Plus, Shopify is incorporating AI to support and strengthen business parameters. The company’s ‘Shopify Magic’ offers many AI-based facilities at different stages of the workflow, which may demystify processes such as, marketing, creating stores etc. Furthermore, the effectiveness of developing generative AI is manifested in Shopify’s AI assistant, Sidekick. Shopify has been leveraging the advancement of AI to enhance efficiency and experience for merchants and consumers.
The company will continue to work on expanding the accessibility of its state-of-the-art, AI-driven features, such as the Sidekick assistant.
Plus, the recent acquisitions of AI-focused companies such as Checkout Blocks demonstrate Shopify’s commitment to improving AI capabilities.
How Is Shopify’s Financial Performance?
Rising inflation rates and fluctuating consumer spending in recent years have slowed Shopify’s growth trajectory.
While Shopify has seen some weakness last year, a revival of sorts took place in the most recent quarterly results. The company’s fiscal second-quarter 2024 revenue grew 20.7% year-over-year to $2.05 billion.
Management reported adjusted EPS of $0.13, compared to a loss of a $1.02 per share a year prior. The company reported a net income of $171 million compared to a loss of $1.31 billion a year ago quarter.
Gross merchandise volume increased 22% year-over-year to $67.2 billion, while gross payments volume came in at $41.1 billion, compared to $31.7 billion.
Management now forecasts revenue to grow at a low-to-mid-twenties percentage rate on a year-over-year basis in the current quarter. Also, the gross margin is expected to be higher by approximately 50 basis points compared to the Q2 2024.
Is Shopify a Buy?
Shopify share price is up 65% year-to-date and that has translated into loftier multiples. For example, the price-to-earnings ratio now is trading at 78x, an elevated figure by any benchmark measure.
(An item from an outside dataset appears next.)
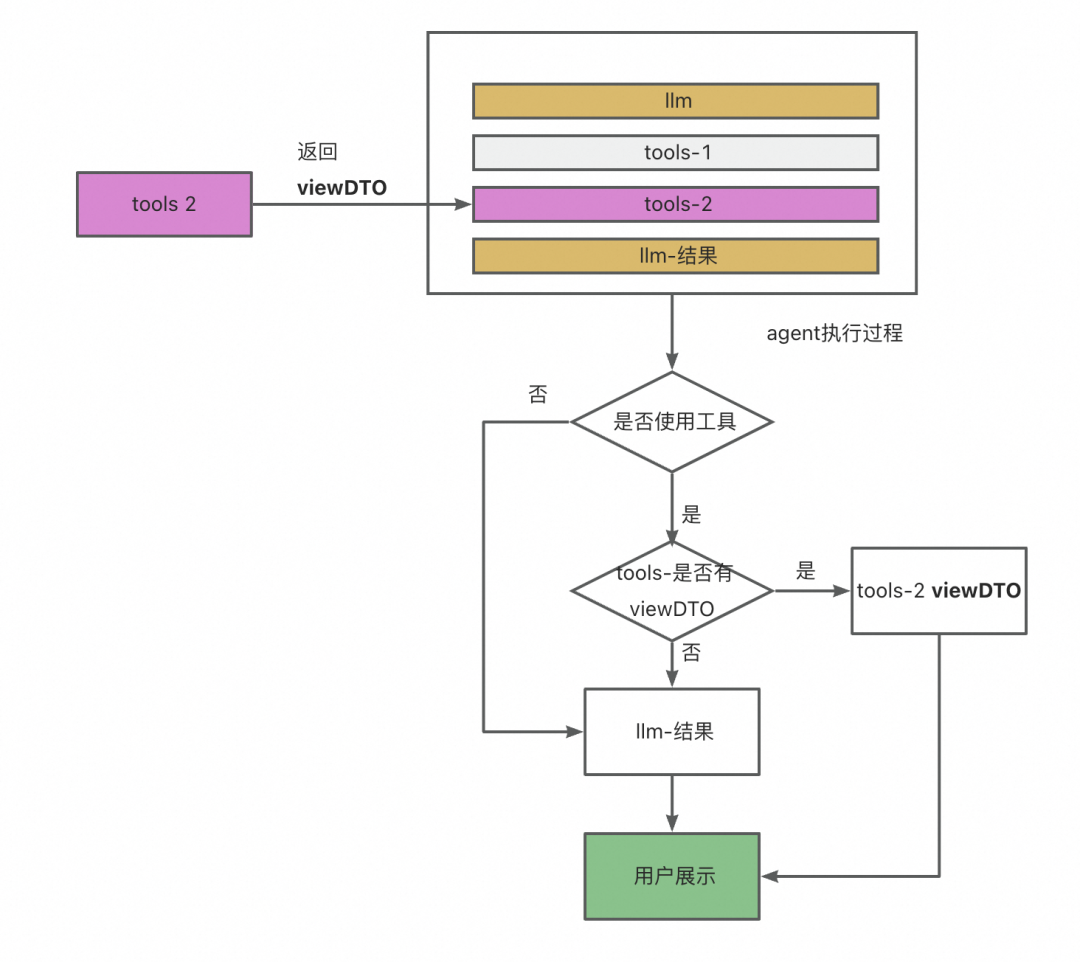 如果流程使用工具,会解析整个思维链中最后一个工具的返回结果,判断是否有给端上的展示数据结构 viewDTO,
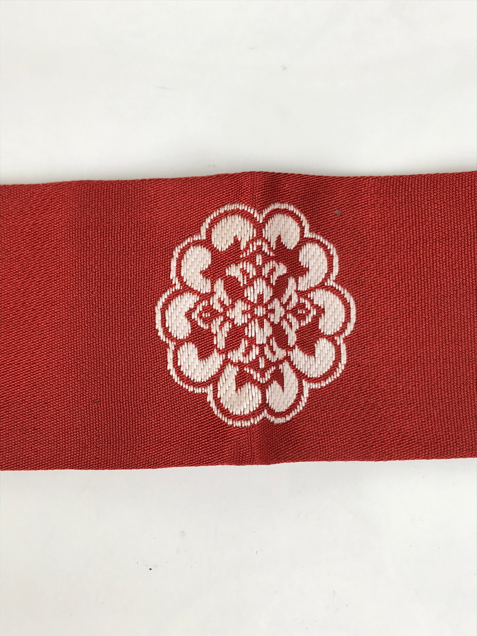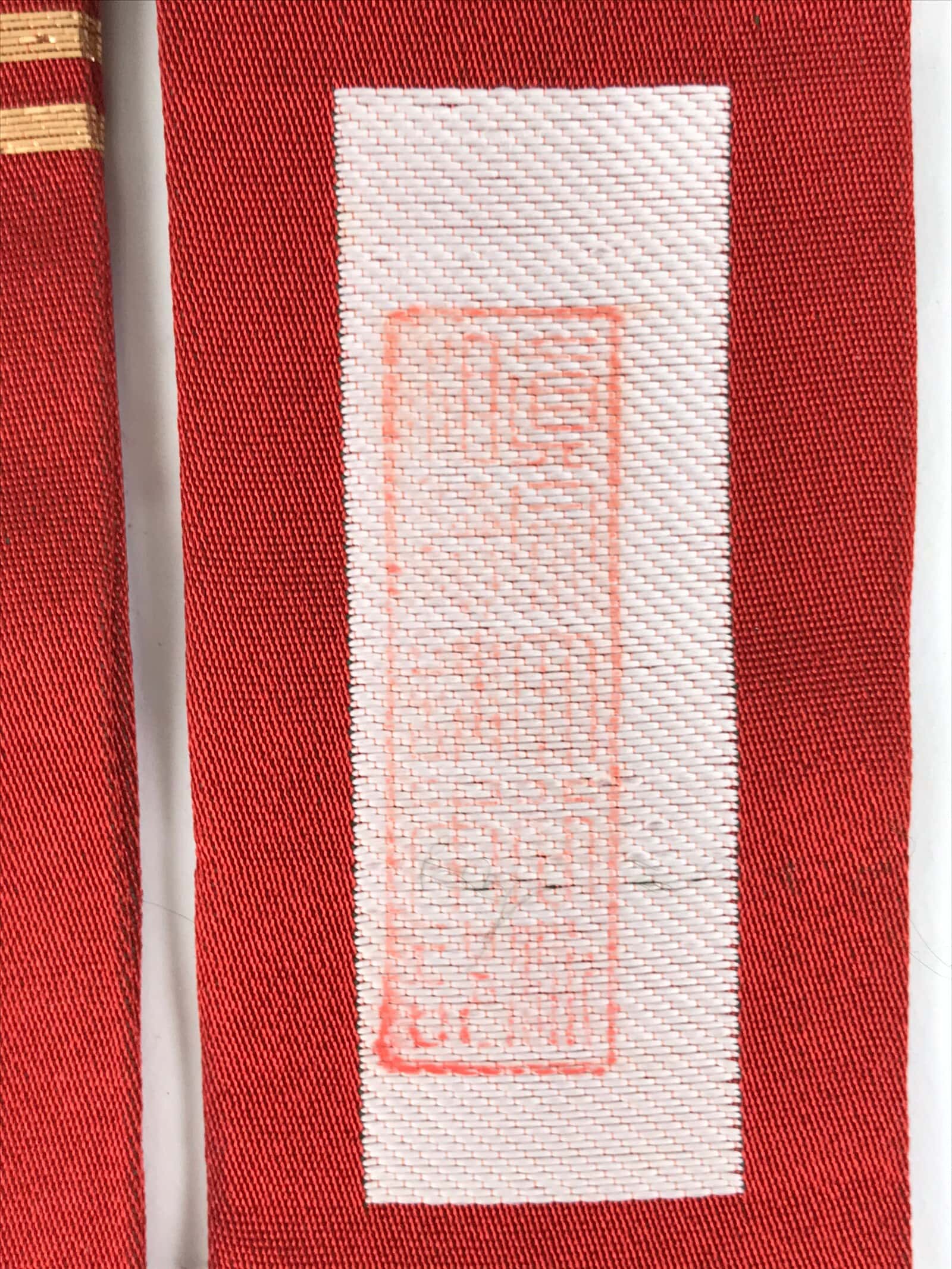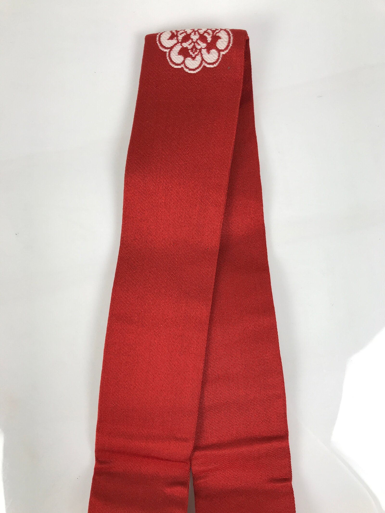 This Japanese Buddhist costume surplice (wagesa or hangesa) is worn around the neck. It is red with two gold stripes on each side and has a purple cord. There is a floral kamon (crest) on both sides close to the neck part. This particular sash is called kataginu and can be worn when appearing in front of the Buddha, and during services and ceremonies.

The only thing that would alleviate fears of it being heavily overvalued is if growth rates were forecast to be very strong and indeed that is the case with 83% annualized net income growth expected over the next five years. As such, Shopify is actually trading at a low PE ratio relative to future earnings growth forecasts.
With that said, a discounted cash flow forecast reveals Shopify is fairly valued at this time and analysts seem to agree with that assessment.
But for the bulls there is lots to cling onto, not least the top line forecasted growth of 23% annually and the ability of the firm to drop $1.2 billion to net income from $7.7 billion in sales.
Is Shopify a buy? On the dip, it will provide an even more compelling reward to risk ratio but certainly there are good reasons to buy even without a pullback.